**Your instructions:** An exact copy is needed of the lines from the one that contains "LED подсветката на" through the final line of the data below, with pictures left out.

**Source data:**
*** Block opens ***
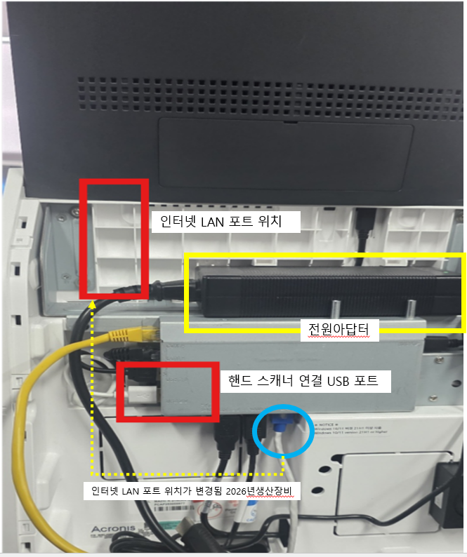 ※ 핸드 스캐너 케이블 / 전원케이블 기기 밖으로 빼는 위치
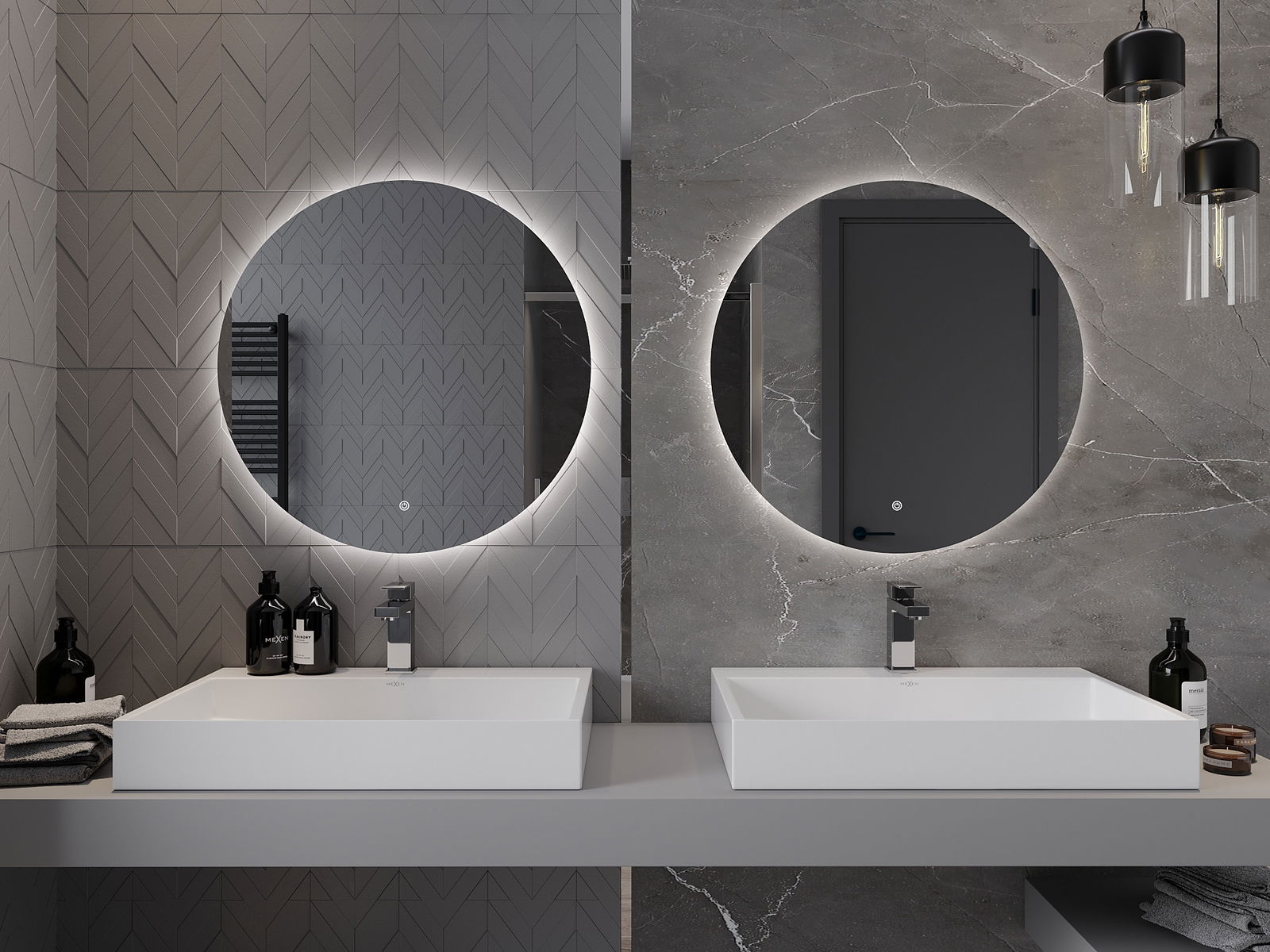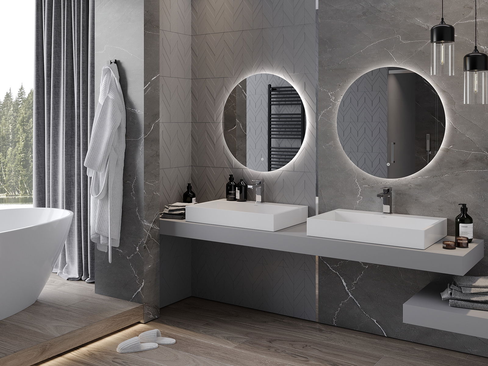 LED подсветката на огледалото е практичен елемент, който улеснява ежедневната грижа, благодарение на възможността за идеално осветление на лицето. Подсветката придава на банята модерен завършек, подчертавайки елегантния му декор.
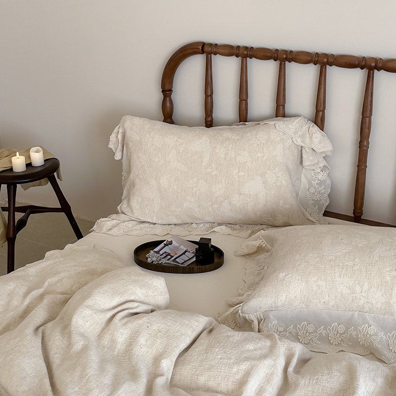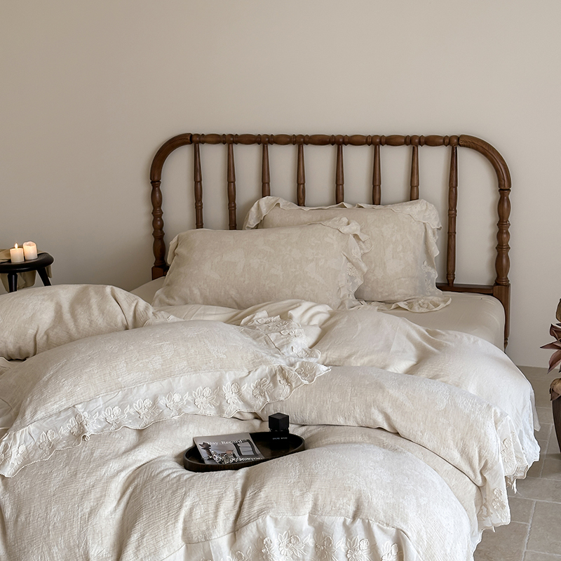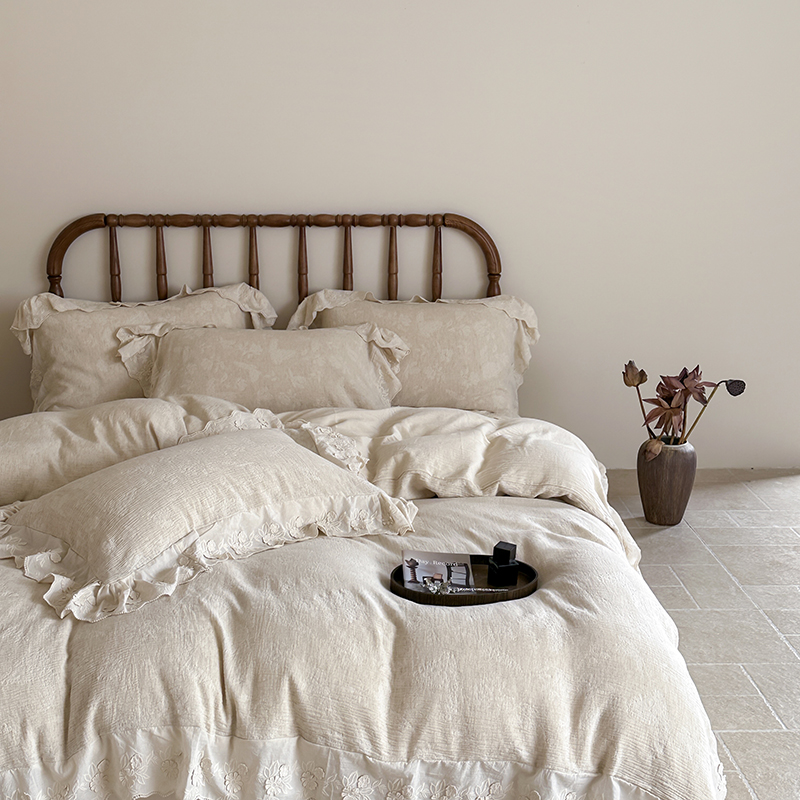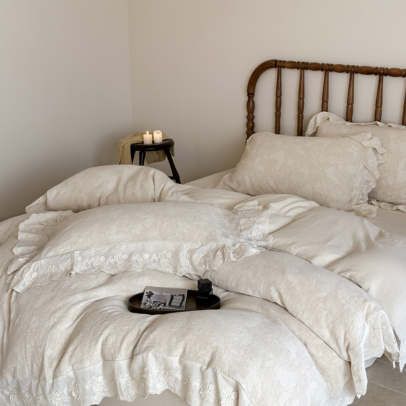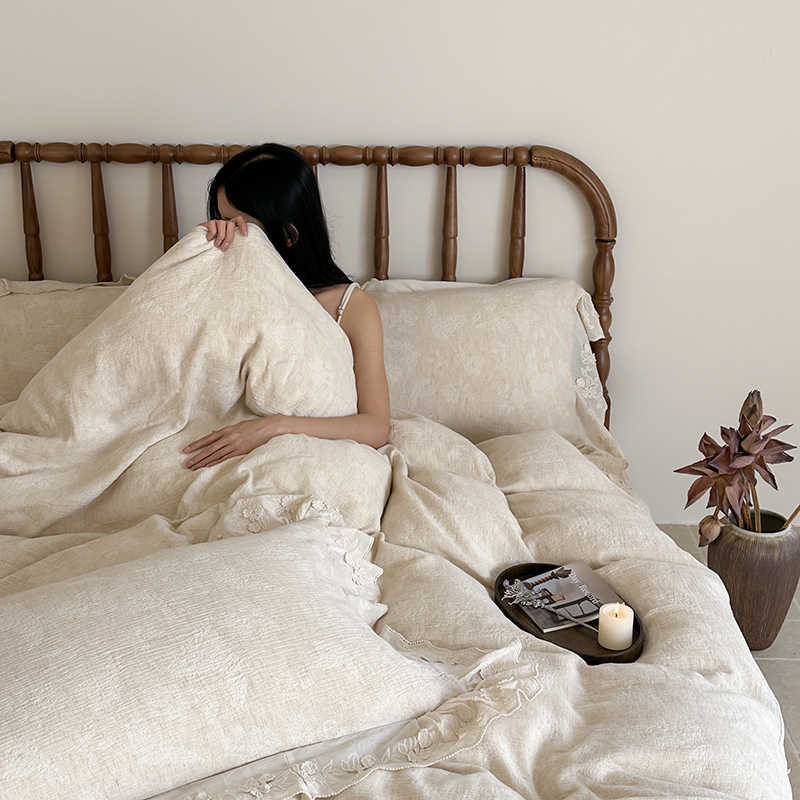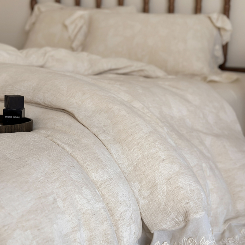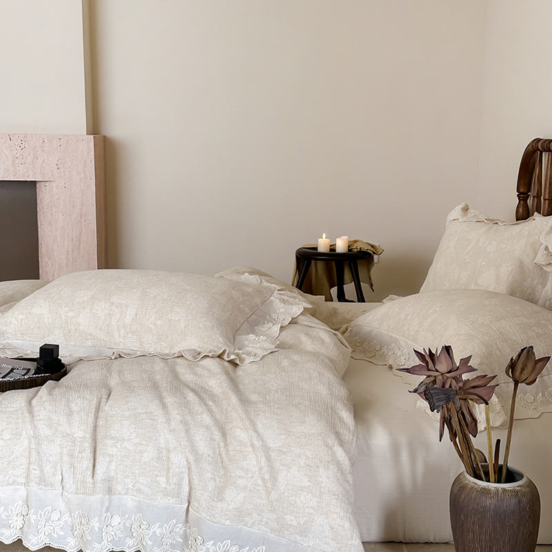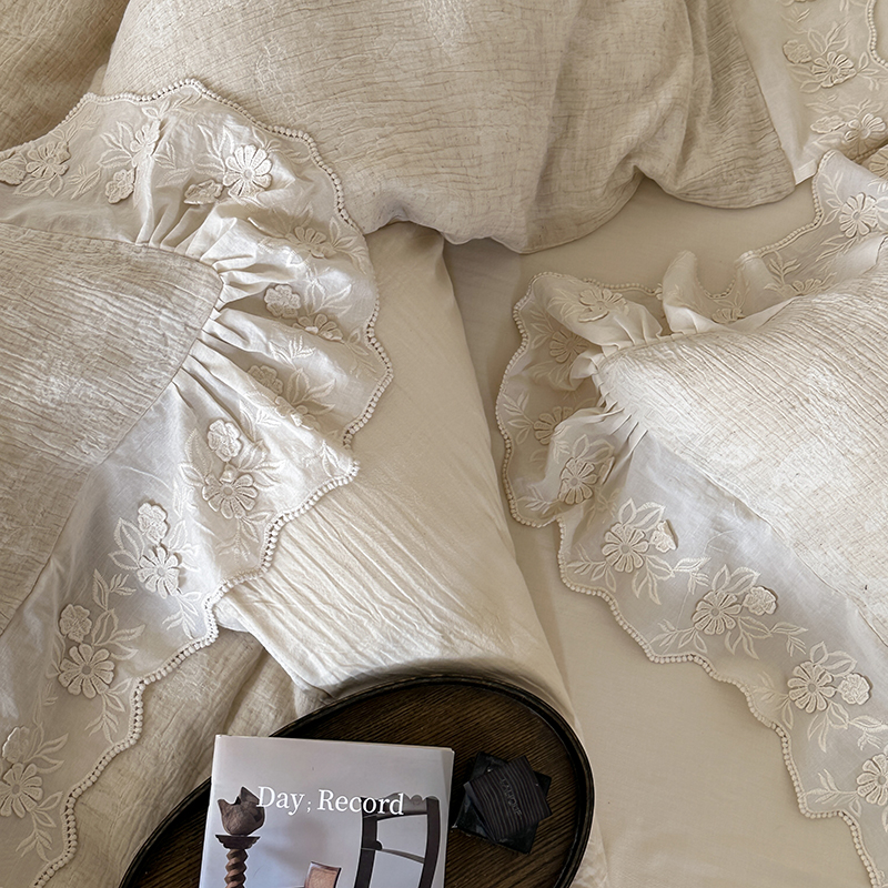 山舍家居2025新款纯棉棉麻色织提花刺绣花边款四件套-蝶梦晚落 蝶梦晚落-麻本色
*** Block closes ***
**Result of this exercise:**
 LED подсветката на огледалото е практичен елемент, който улеснява ежедневната грижа, благодарение на възможността за идеално осветление на лицето. Подсветката придава на банята модерен завършек, подчертавайки елегантния му декор.
 山舍家居2025新款纯棉棉麻色织提花刺绣花边款四件套-蝶梦晚落 蝶梦晚落-麻本色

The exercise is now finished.